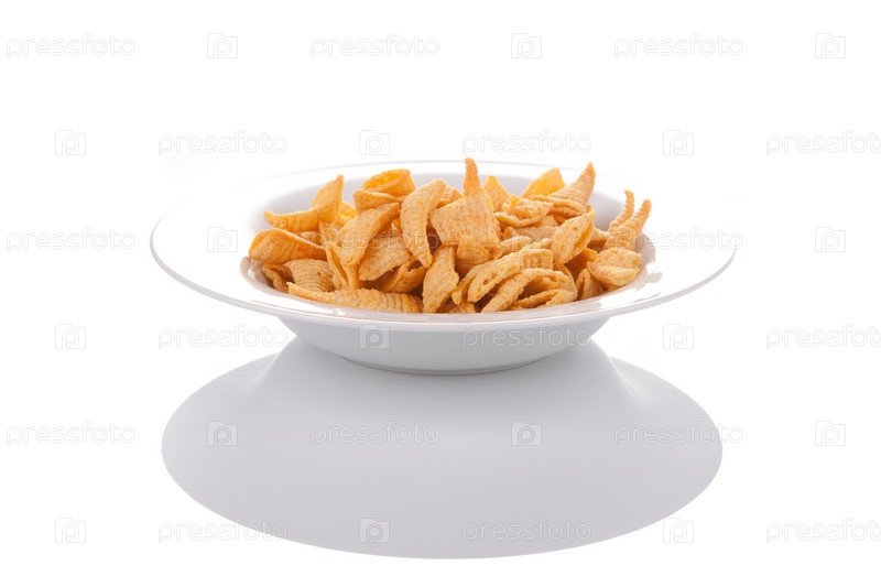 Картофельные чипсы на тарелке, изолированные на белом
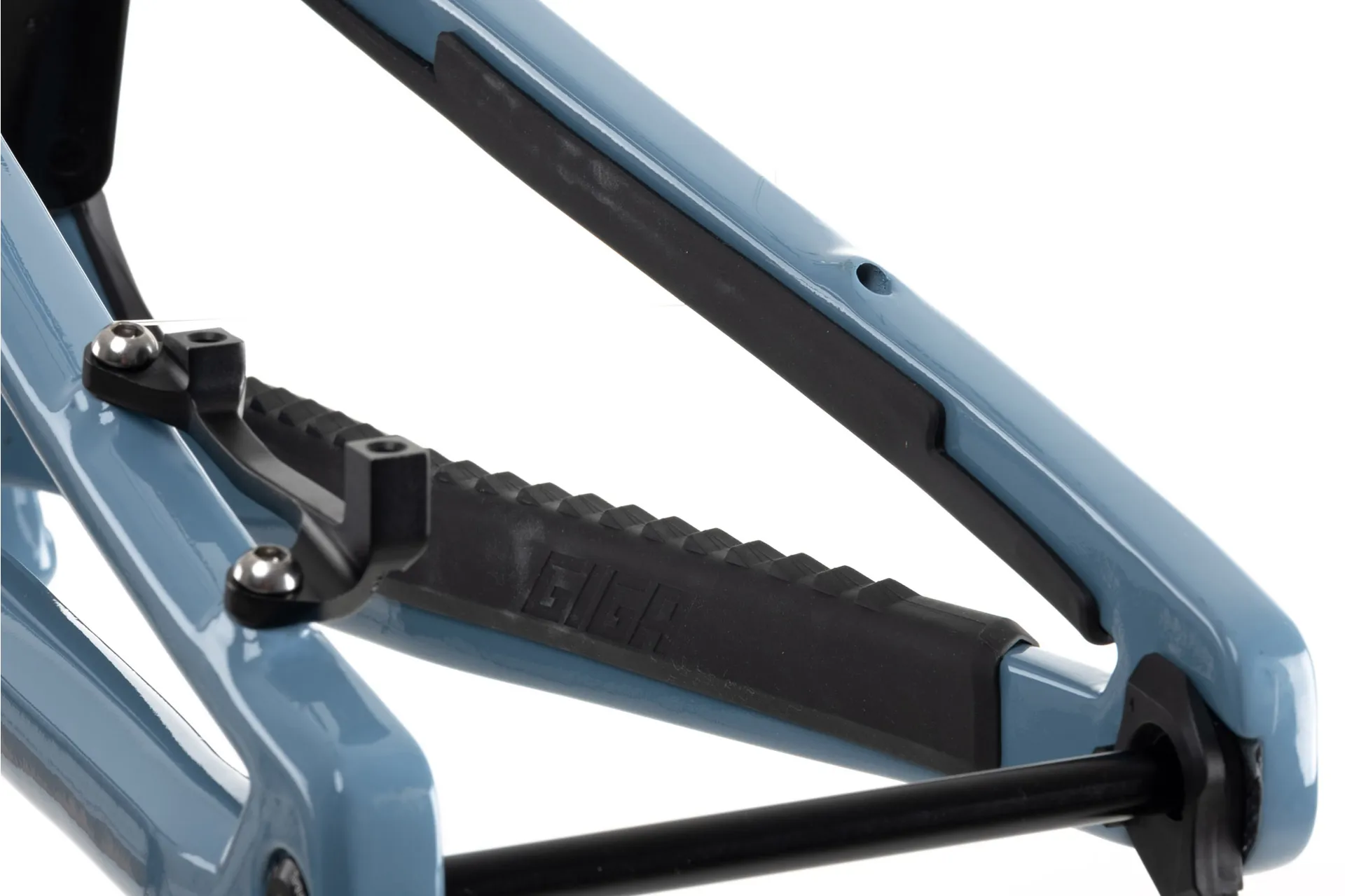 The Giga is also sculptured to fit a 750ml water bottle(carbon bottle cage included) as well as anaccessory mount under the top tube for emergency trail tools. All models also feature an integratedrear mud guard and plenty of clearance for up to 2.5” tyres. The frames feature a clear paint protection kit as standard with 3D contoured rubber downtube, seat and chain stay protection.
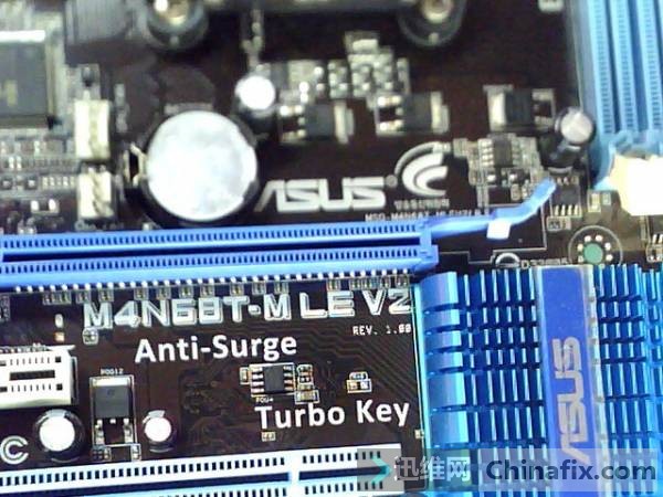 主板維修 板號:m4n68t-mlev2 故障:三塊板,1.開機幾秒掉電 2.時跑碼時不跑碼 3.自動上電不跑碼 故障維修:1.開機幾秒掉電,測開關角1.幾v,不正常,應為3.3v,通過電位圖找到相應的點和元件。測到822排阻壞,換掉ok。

★ ★ ★ ★

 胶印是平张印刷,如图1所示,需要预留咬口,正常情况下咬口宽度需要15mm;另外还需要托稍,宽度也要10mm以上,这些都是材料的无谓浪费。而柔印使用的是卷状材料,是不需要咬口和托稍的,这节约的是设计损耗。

★ ★ ★ ★

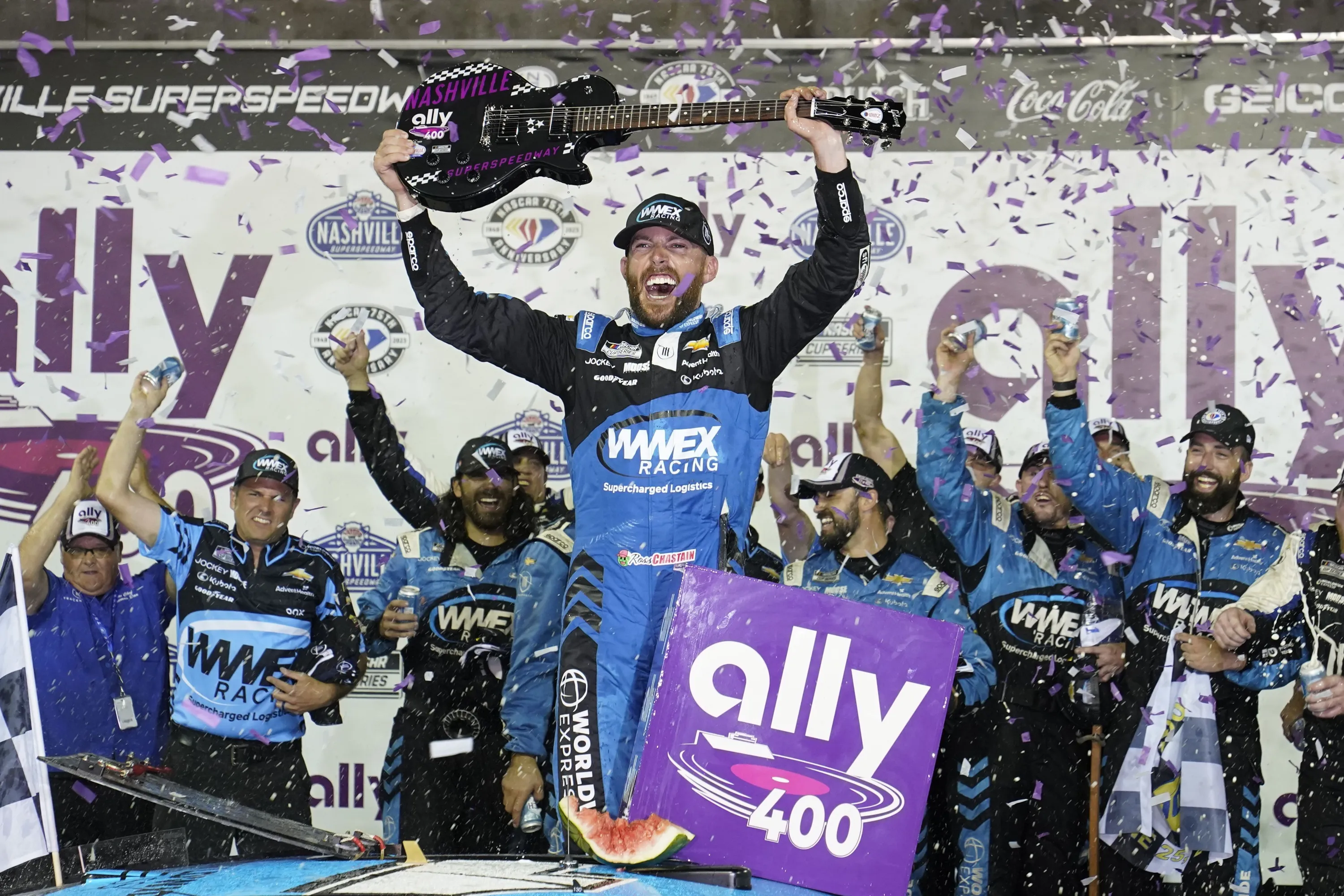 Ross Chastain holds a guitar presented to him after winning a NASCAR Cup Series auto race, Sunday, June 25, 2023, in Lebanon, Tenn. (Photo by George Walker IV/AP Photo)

★ ★ ★ ★

- PROBLEM:
The answer is the lines of the material above, from the one containing "Картофельные чипсы на" down to the one containing "The Giga is", given exactly and without images.

- RESPONSE TO THE EXERCISE:
 Картофельные чипсы на тарелке, изолированные на белом
 The Giga is also sculptured to fit a 750ml water bottle(carbon bottle cage included) as well as anaccessory mount under the top tube for emergency trail tools. All models also feature an integratedrear mud guard and plenty of clearance for up to 2.5” tyres. The frames feature a clear paint protection kit as standard with 3D contoured rubber downtube, seat and chain stay protection.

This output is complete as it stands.